About this task – Please transcribe the data below in full, word for word, without the images.

Stored records
-=-=-=-=-

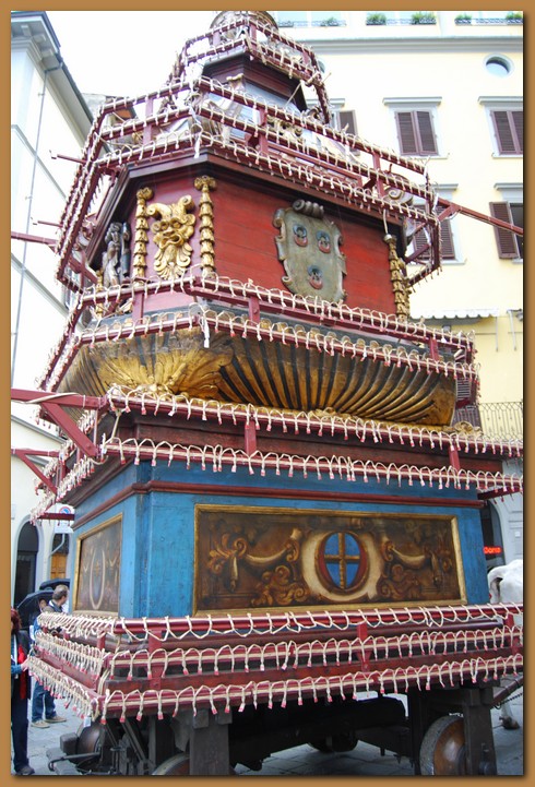 Gli storici ci hanno tramandato che dopo la liberazione di Gerusalemme, nel giorno del Sabato Santo, i crociati si radunarono nella Chiesa della Resurrezione e, in devota preghiera, consegnarono a tutti il fuoco benedetto come simbolo di purificazione. A questa cerimonia risale l'usanza pasquale di distribuire il fuoco santo al popolo fiorentino. Con l'andar del tempo lo svolgimento della festa divenne sempre più articolato per cui venne introdotto l'uso di trasportare l fuoco santo con un carro dove, su un tripode, ardevano i carboni infuocati. Non si conosce quando, in sostituzione del tripode, si usarono i fuochi artificiali per lo "scoppio del carro" ma si ritiene che ciò risalga alla fine del Trecento.![]()
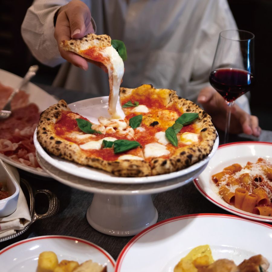 プランは、【CASUAL】から【PREMIO】まで全部で4つ。そのすべてで、通常のレストランメニューでも提供されている窯焼きの本格ピザ3種と、2種のソースで楽しめるリガトーニが食べ放題! どちらもオーダービュッフェ形式にて、できたて焼きたてが食べられます(※ピザとパスタ以外のコース料理は1人1品ずつの提供)。
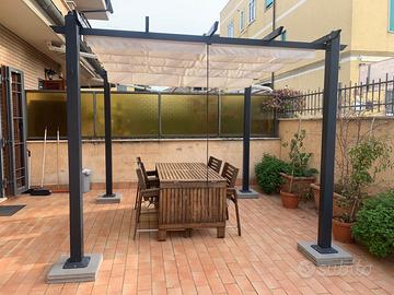 Gazebo quadrato 3x3 metri per giardino in alluminio. Due anni di vita, ottimo stato. Telo un po' usurato dal sole (funzionante, a discrezione della persona l'eventuale sostituzione).
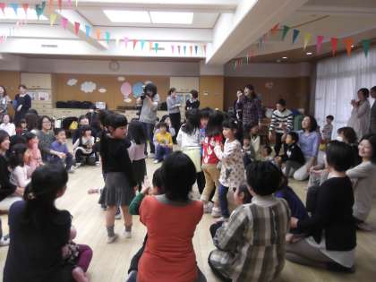 今日の椅子取りゲームの椅子はただの椅子ではなく,お家の人や先生のお膝でした。
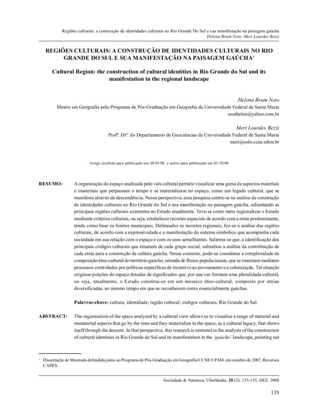 Regiões culturais: a construção de identidades culturais no Rio Grande do Sul e sua manifestação na paisagem gaúcha / Cultural Region: the construction of cultural identities in Rio Grande do Sul and its manifestation in the regional landscape

-=-=-=-=-

Answer to the exercise –
 Gli storici ci hanno tramandato che dopo la liberazione di Gerusalemme, nel giorno del Sabato Santo, i crociati si radunarono nella Chiesa della Resurrezione e, in devota preghiera, consegnarono a tutti il fuoco benedetto come simbolo di purificazione. A questa cerimonia risale l'usanza pasquale di distribuire il fuoco santo al popolo fiorentino. Con l'andar del tempo lo svolgimento della festa divenne sempre più articolato per cui venne introdotto l'uso di trasportare l fuoco santo con un carro dove, su un tripode, ardevano i carboni infuocati. Non si conosce quando, in sostituzione del tripode, si usarono i fuochi artificiali per lo "scoppio del carro" ma si ritiene che ciò risalga alla fine del Trecento.![]()
 プランは、【CASUAL】から【PREMIO】まで全部で4つ。そのすべてで、通常のレストランメニューでも提供されている窯焼きの本格ピザ3種と、2種のソースで楽しめるリガトーニが食べ放題! どちらもオーダービュッフェ形式にて、できたて焼きたてが食べられます(※ピザとパスタ以外のコース料理は1人1品ずつの提供)。
 Gazebo quadrato 3x3 metri per giardino in alluminio. Due anni di vita, ottimo stato. Telo un po' usurato dal sole (funzionante, a discrezione della persona l'eventuale sostituzione).
 今日の椅子取りゲームの椅子はただの椅子ではなく,お家の人や先生のお膝でした。
 Regiões culturais: a construção de identidades culturais no Rio Grande do Sul e sua manifestação na paisagem gaúcha / Cultural Region: the construction of cultural identities in Rio Grande do Sul and its manifestation in the regional landscape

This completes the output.